SUARA PEMBACA

Mempertanyakan Surat Edaran Pengaturan Suara Adzan

Di tengah panasnya kasus Wadas, kelangkaan minyak goreng dan JHT masyarakat dikejutkan kembali dengan pernyataan Menteri Agama (Menag) yang menganalogikan suara adzan dengan gonggongan anjing. Selain itu Menag juga mengeluarkan surat edaran terkait pengaturan suara adzan tersebut.

Dikutip Haluan Padang dari tayangan video sejumlah akun media sosial, Kamis, 24 Februari 2022, Yaqut Cholil Qoumas mengatakan, pemerintah tidak melarang penggunaan sepiker, tetapi diatur biar tidak mengganggu lingkungan sekitar.

“Rumah ibadah umat muslim itu membunyikan toa, sehari lima kali dengan kenceng-kenceng secara bersamaan, itu rasanya bagaimana,” katanya di awal video diunggah akun Instagram @bela_rakyat88

Yaqut memberi contoh yang menurut dia paling sederhana dalam kehidupan bermasyarakat dan bertetangga.

“Misalnya saja kita hidup di masyarakat dalam satu komplek, kanan kiri depan belakang memelihara anjing semua, kemudian menggonggong dalam waktu bersamaan misalnya, kita terganggu enggak ?” kata dia seperti dilansir harianhaluan.com.

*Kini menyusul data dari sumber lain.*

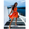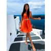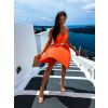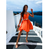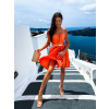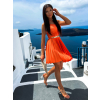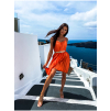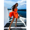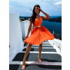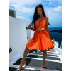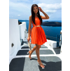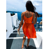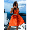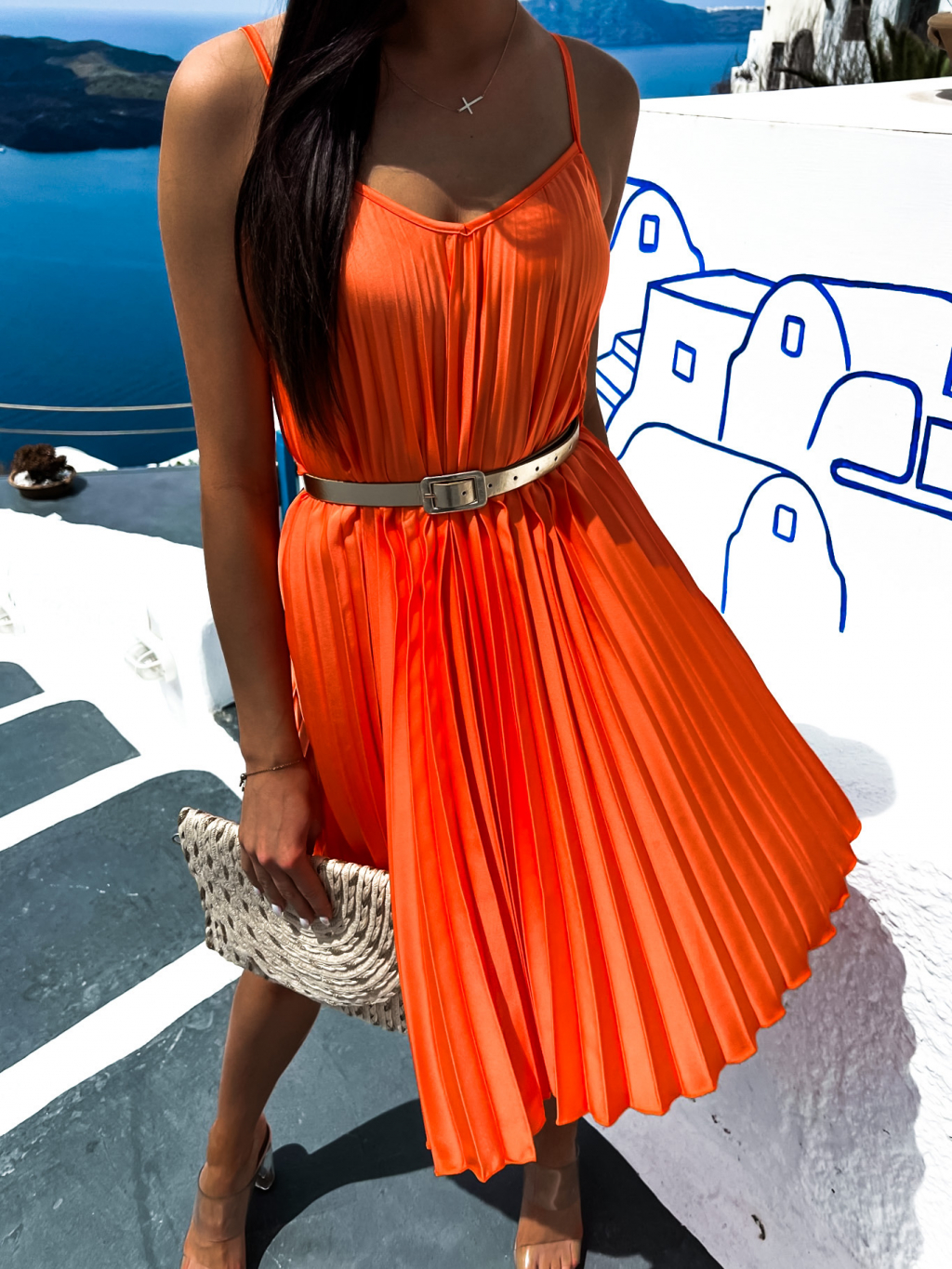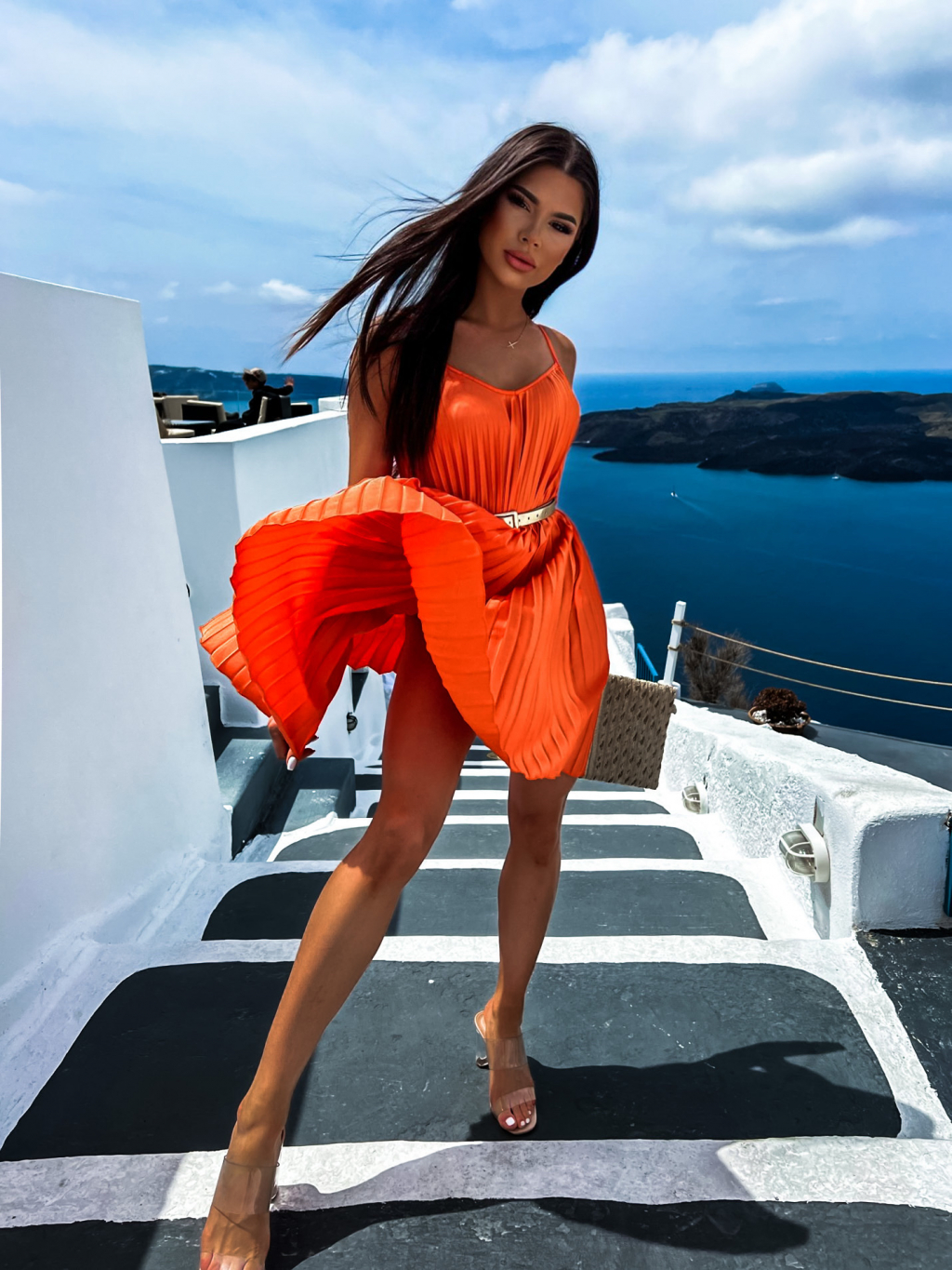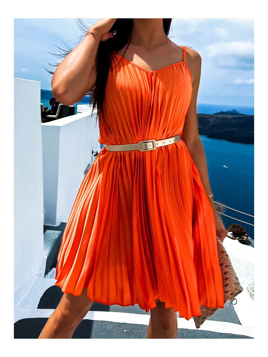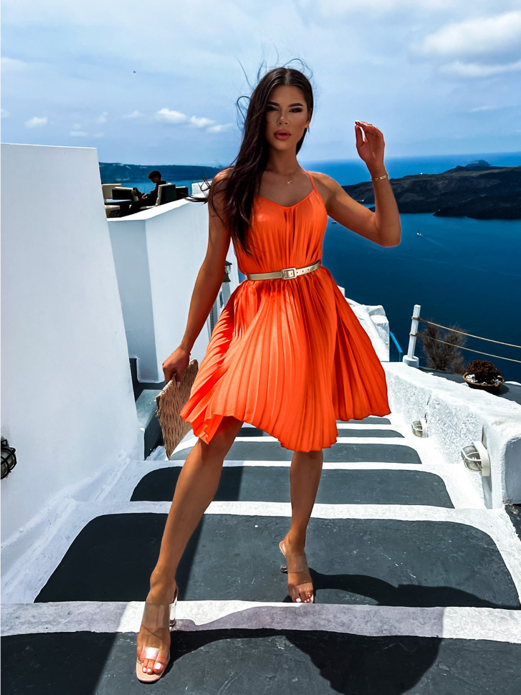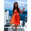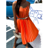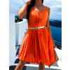 Oranžové lesklé plisované šaty CLAURA so zlatým opaskom

Tak ayal pernyataan Menag ini menimbulkan tanda tanya di masyarakat. Tak hanya tokoh agama bahkan masyarakat yang beragama non-muslim juga banyak mempertanyakan aturan tersebut.

Ketua Komisi VIII DPR RI, Yandri Susanto, menanggapi Surat Edaran Nomor 5 Tahun 2022 tentang Pedoman Penggunaan Pengeras Suara di Masjid dan Mushala yang dikeluarkan Menteri Agama (Menag). Menurutnya pengaturan tersebut tak bisa digeneralisasi diterapkan di seluruh daerah.

“Memang saya mengkritik juga, surat edaran itu tidak bisa digeneralisir, tidak bisa dia diperlakukan dari Sabang sampai Merauke. Ada daerah-daerah tertentu memang suara adzan itu nggak bisa diatur-atur, atau bahkan di Sumatera itu kan rumahnya jauh-jauh, kalau cuma 100 dB (desibel) enggak akan kedengaran,” kata Yandri, di Kompleks Parlemen Senayan, Jakarta, Jumat (25/2).

Dia juga mengingatkan agar jangan sampai surat edaran tersebut memunculkan konflik horizontal. Karena itu dirinya meminta agar Kementerian Agama mengevaluasi agar tidak menggeneralisasi aturan tersebut.

“Jangan digeneralisir semua persoalan dan saya meyakini ini tidak bisa dilakukan secara keseluruhan. Misalnya di Sumbar, di Aceh di kantong-kantong pondok pesantren, itu sudah menjadi budaya, sudah menjadi kearifan lokal. Tapi misalnya di Bali, di Sulut, di NTT di Papua, itu sudah bagus kok toleransinya,” ujarnya.